Sunday, December 22, 2024

mortgage interest rate deductions

Real or Fake News?

It’s all over the news – the government is harming homeowners and real estate by wanting to do away with the mortgage interest deduction (MID). From major real estate portals to the National Association of Realtors’ website, hand wringing rules the day.

Is it fake news, the truth or are the reports somewhere in between?

A little history

Before 1986, all interest on all loans (even credit card bills), regardless of purpose, was tax deductible. The Tax Reform Act of 1986 (TRA86) did away with all of those deductions, with the exception of mortgage interest.

Interestingly, the TRA86 was touted very much the same way today’s tax reform efforts are – as a way to simplify the tax code and do away with tax loopholes.

To itemize or not to itemize

To take advantage of the MID, a taxpayer must itemize deductions. For itemizing to make sense, his or her deductions must exceed the standard deduction. These deductions include the MID as well as charitable contributions, medical expenses, property taxes, state and local income taxes and others.
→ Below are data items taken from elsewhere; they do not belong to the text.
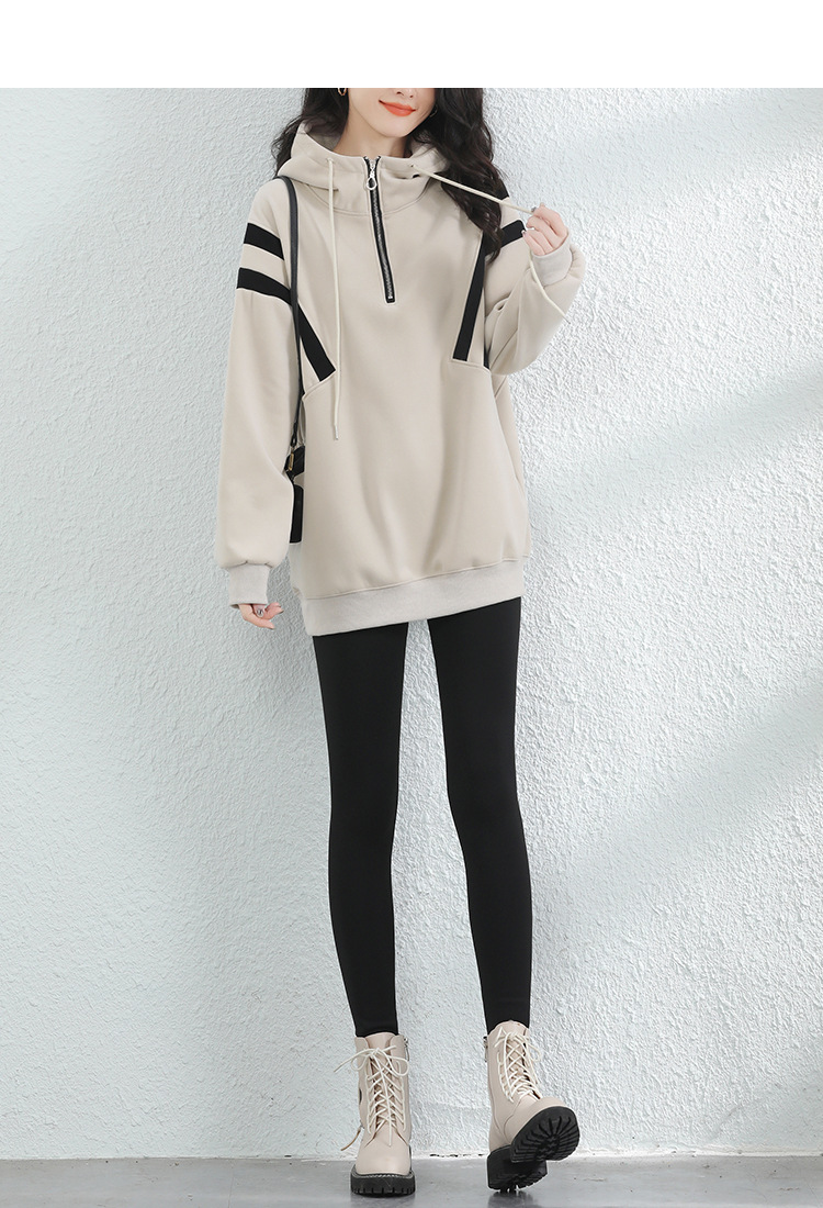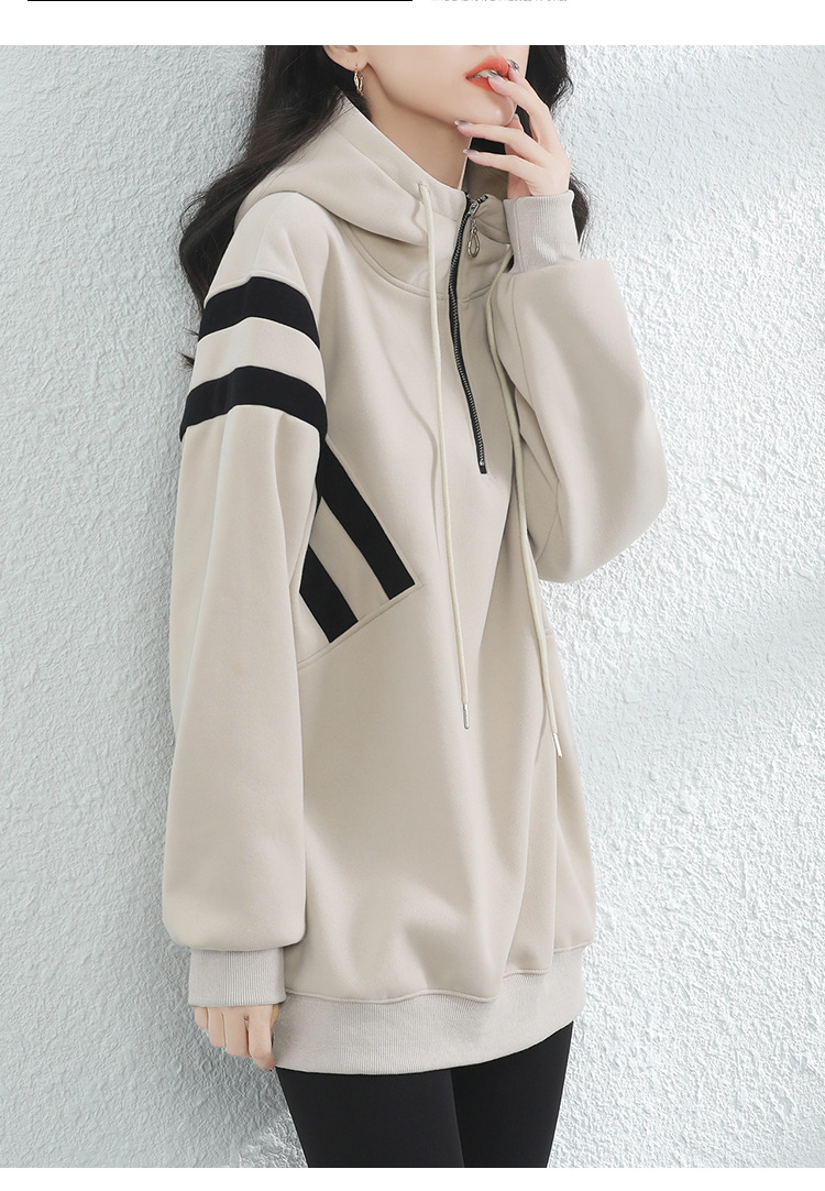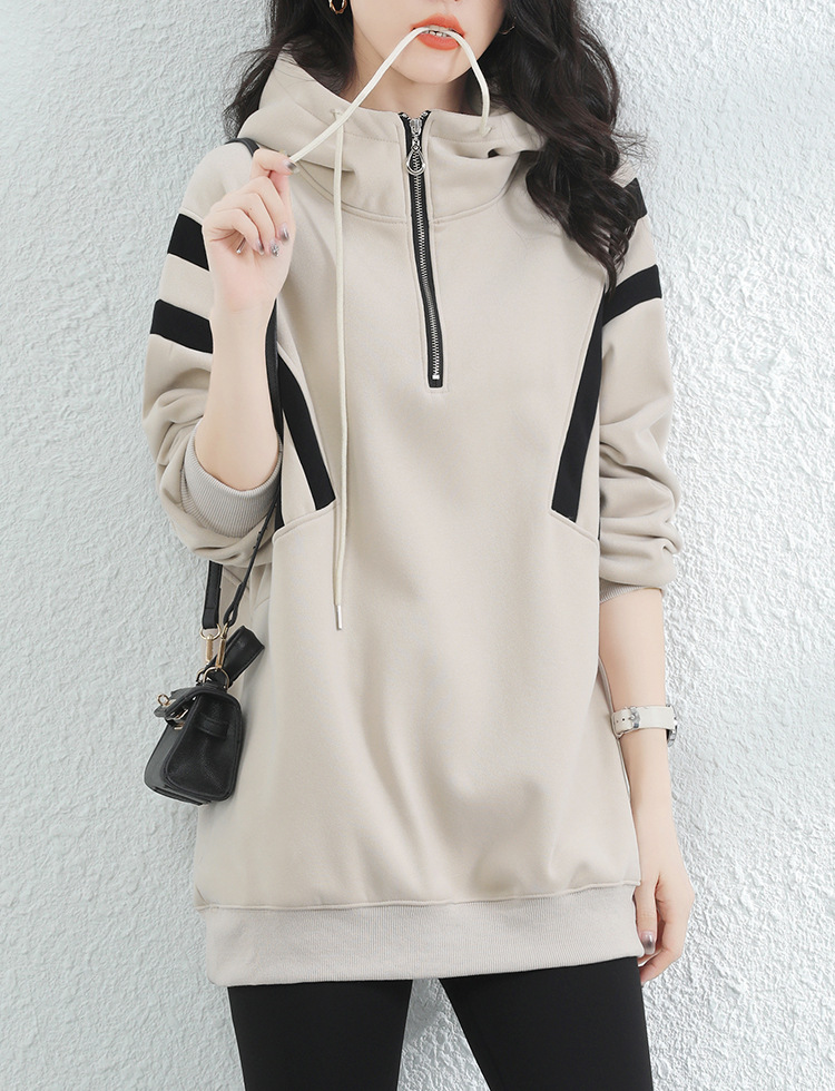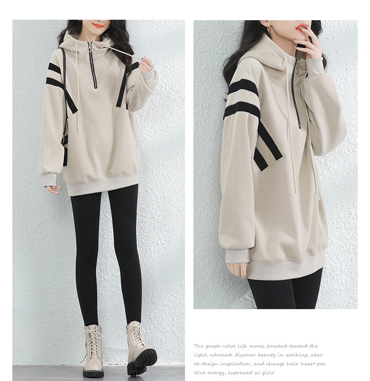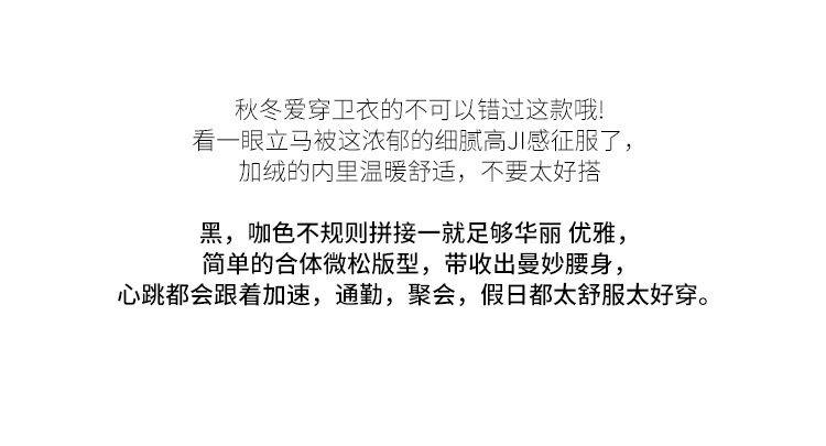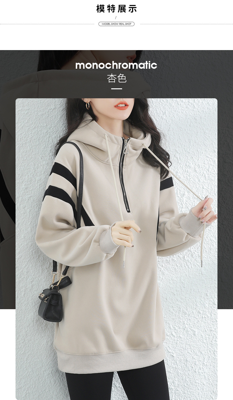 复古撞色连帽中长款加绒卫衣女,冬装新款美式百搭上衣厚 GYM-D0434
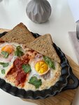 Очень красивое заведение, приятно позавтракать под спокойную музыку. Заказали шакшуку, кашу и тост с лососем. Каша показалась слишком сладкой, и расстроило, что она быда сварена из пятиминутки. Остальные позиции понравились, шакшука была подана как и надо, нареканий нет. Рекомендую данное заведение к посещению.
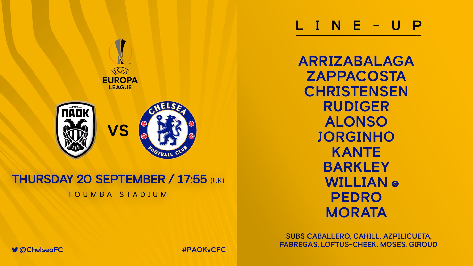 Στην αριστερή πτέρυγα της επίθεσης θα αγωνιστεί ο Πέδρο, στη δεξιά ο Γουίλιαν και στην κορυφή ο Μοράτα.
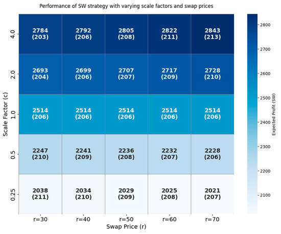 The subsequent analysis examines how variations in the swap price, r, and the demand scaling factor, c, affect the expected profit under the SW strategy. Figure 7 presents a heatmap that visualizes the expected profit across different combinations of r and c, thereby illustrating how the profitability of the SW strategy varies depending on the procurement environment. The results reveal that the expected profit under the SW strategy generally increases with the demand scaling factor, c. A higher value of c implies greater demand from the collaborating buyer, which in turn increases the likelihood of successful swap transactions and enhances the opportunity to offload excess inventory under favorable conditions.
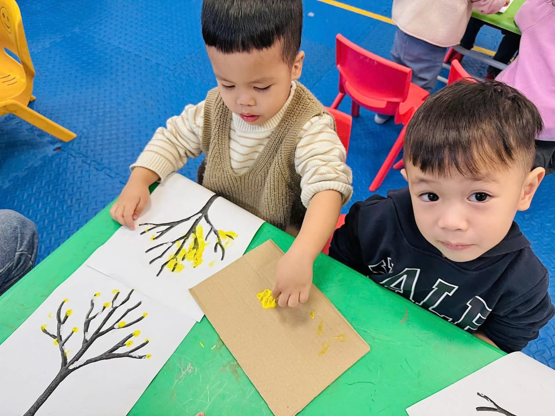 Không khí lớp học ngập tràn sắc màu, tiếng cười và sự tập trung. Nhưng phía sau những đôi bàn tay lấm lem màu vẽ, giá trị sâu sắc hơn đã được hình thành.

Now, if you itemize deductions you know that it isn’t as cut and dried as it seems. The charitable contribution deduction, for instance, carries a cap. And, filers can deduct only the amount of medical expenses that exceed 10 percent of their adjusted gross income (7.5 percent if the filer or spouse is 65 or older).

This restriction allows only 19 percent of taxpayers who itemize to claim the medical expense deduction, according to Matthew Frankel at motleyfool.com.

It is very difficult for the average middle class American to come up with enough in itemized deductions to beat the standard deduction. In fact, only about 30 percent of taxpayers itemize deductions.

The reality

Here are the stats:

  • About two-thirds of American households own their home.
  • Only one-fourth of homeowners claim the MID.
  • The average tax savings for households with income between $40,000 and $75,000 is just $152 a year. That’s $12.66 a month,” according to Anthony Randazzo, director of economic research at the Reason Foundation.
  • Households with earnings of more than $100,000 derive nearly 90 percent of the MID’s benefits.
  • “In 2015, the federal government spent $71 billion on the MID,” according to Derek Thompson with The Atlantic. He also calls the MID a “moral indictment of the tax code,” and the $71 billion dollars it costs this country “a public-housing policy for the rich.”
But … it incentivizes home ownership, right?

“Economists don’t agree on much, but they do agree on this: the interest deduction doesn’t do a thing for homeownership rates,” suggests Roger Lowenstein at the New York Times.

Remember Jonathan Gruber, the Obamacare architect? He co-authored a National Bureau of Economic Research study earlier this year that found “The mortgage deduction has a precisely estimated zero effect on homeownership.”

“One reason for this is the way the MID is structured. As mentioned earlier, a taxpayer must itemize deductions to take advantage of the MID. It is primarily the wealthy who have enough deductions that make sense to itemize.”

“The value of the deduction increases with the individual’s income tax rate so that higher income taxpayers receive more benefit than lower- and middle-income taxpayers,” according to Tim Manni at HSH.com.

Manni goes on to say that the MID encourages Americans who can afford to, to buy larger, more expensive homes, “rather than to encourage significant homeownership at low- and middle-income levels.”

Even without economists’ word for it, knowing the statistics on who actually uses the MID, common sense tells us that homeownership rates and home prices aren’t going to plummet if homeowners can’t deduct mortgage interest on their taxes.

What the MID actually does

“The MID benefits far fewer Americans than politicians and the media are letting on and, in fact, it drives up tax rates for the rest of us,” insists the National Review’s Robert VerBruggen.

Others argue that the MID subsidizes wealthy households and the money saved by doing away with it will help fund tax reform that benefits the middle class.

Whichever side you fall on over this issue, it’s important to understand the facts. Only then can you intelligently answer your clients’ questions.